▸ **PROBLEM TO WORK ON**:
Within the records below, find each line with the word "Síva" and copy it out.

Stored records:
▼

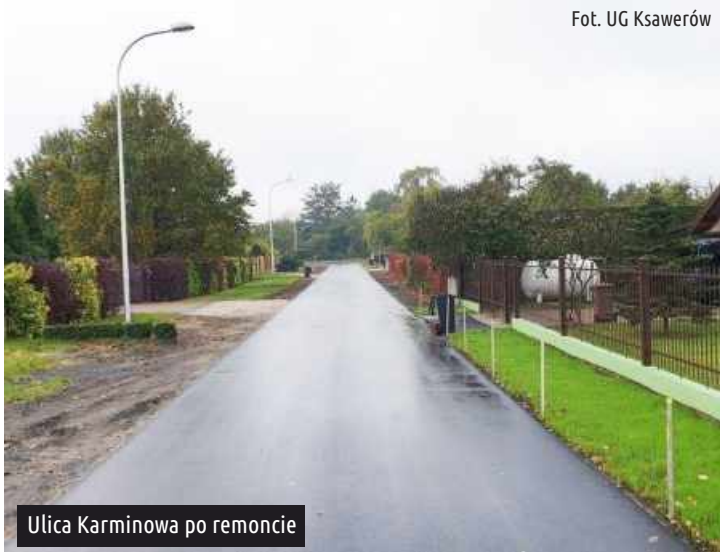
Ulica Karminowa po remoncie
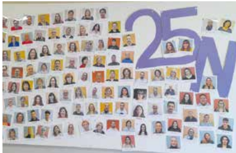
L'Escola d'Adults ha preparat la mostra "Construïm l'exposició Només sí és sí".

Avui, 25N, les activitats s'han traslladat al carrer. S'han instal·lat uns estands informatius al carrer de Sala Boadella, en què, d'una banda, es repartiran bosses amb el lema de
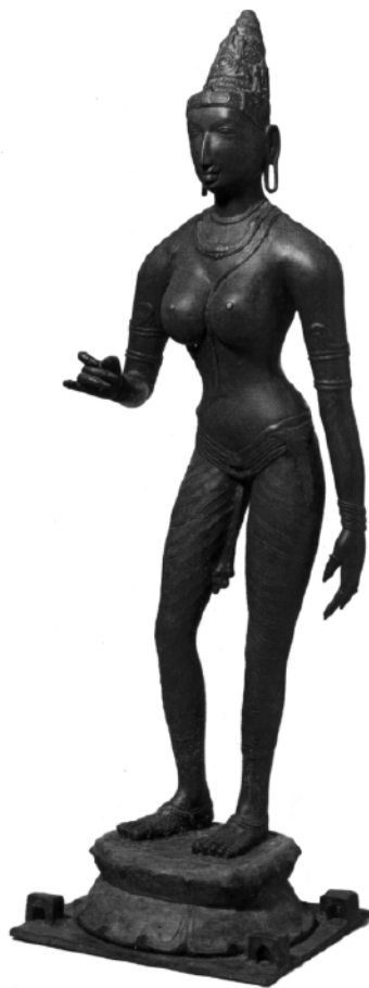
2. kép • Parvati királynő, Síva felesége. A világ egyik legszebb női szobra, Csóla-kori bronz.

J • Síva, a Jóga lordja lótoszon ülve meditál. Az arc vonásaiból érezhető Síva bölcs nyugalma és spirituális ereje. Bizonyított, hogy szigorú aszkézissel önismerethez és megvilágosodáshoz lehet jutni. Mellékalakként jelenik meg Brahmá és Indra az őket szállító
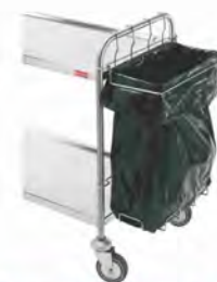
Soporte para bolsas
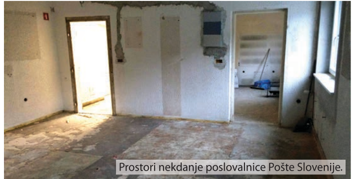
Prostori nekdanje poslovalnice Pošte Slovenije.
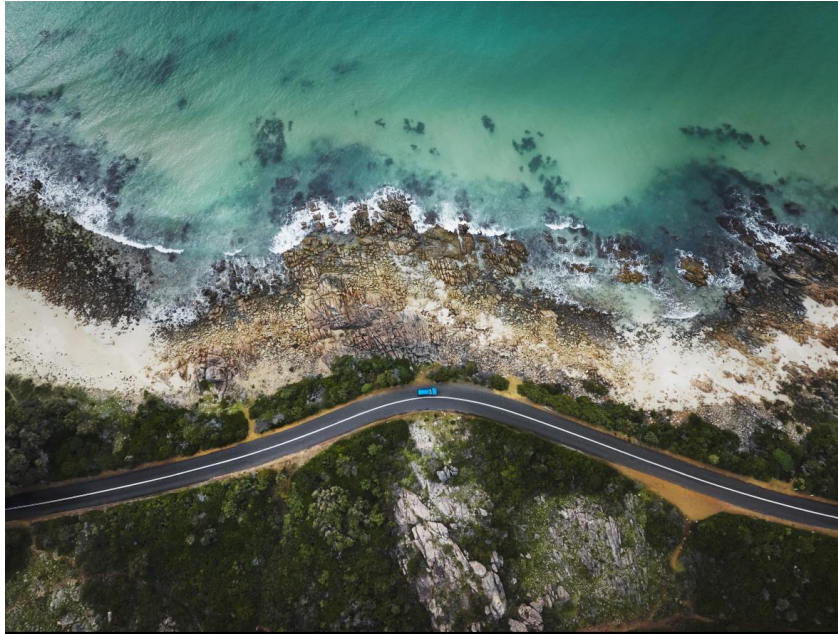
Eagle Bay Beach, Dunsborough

▲

▸ **RESULT**:
2. kép • Parvati királynő, Síva felesége. A világ egyik legszebb női szobra, Csóla-kori bronz.
J • Síva, a Jóga lordja lótoszon ülve meditál. Az arc vonásaiból érezhető Síva bölcs nyugalma és spirituális ereje. Bizonyított, hogy szigorú aszkézissel önismerethez és megvilágosodáshoz lehet jutni. Mellékalakként jelenik meg Brahmá és Indra az őket szállító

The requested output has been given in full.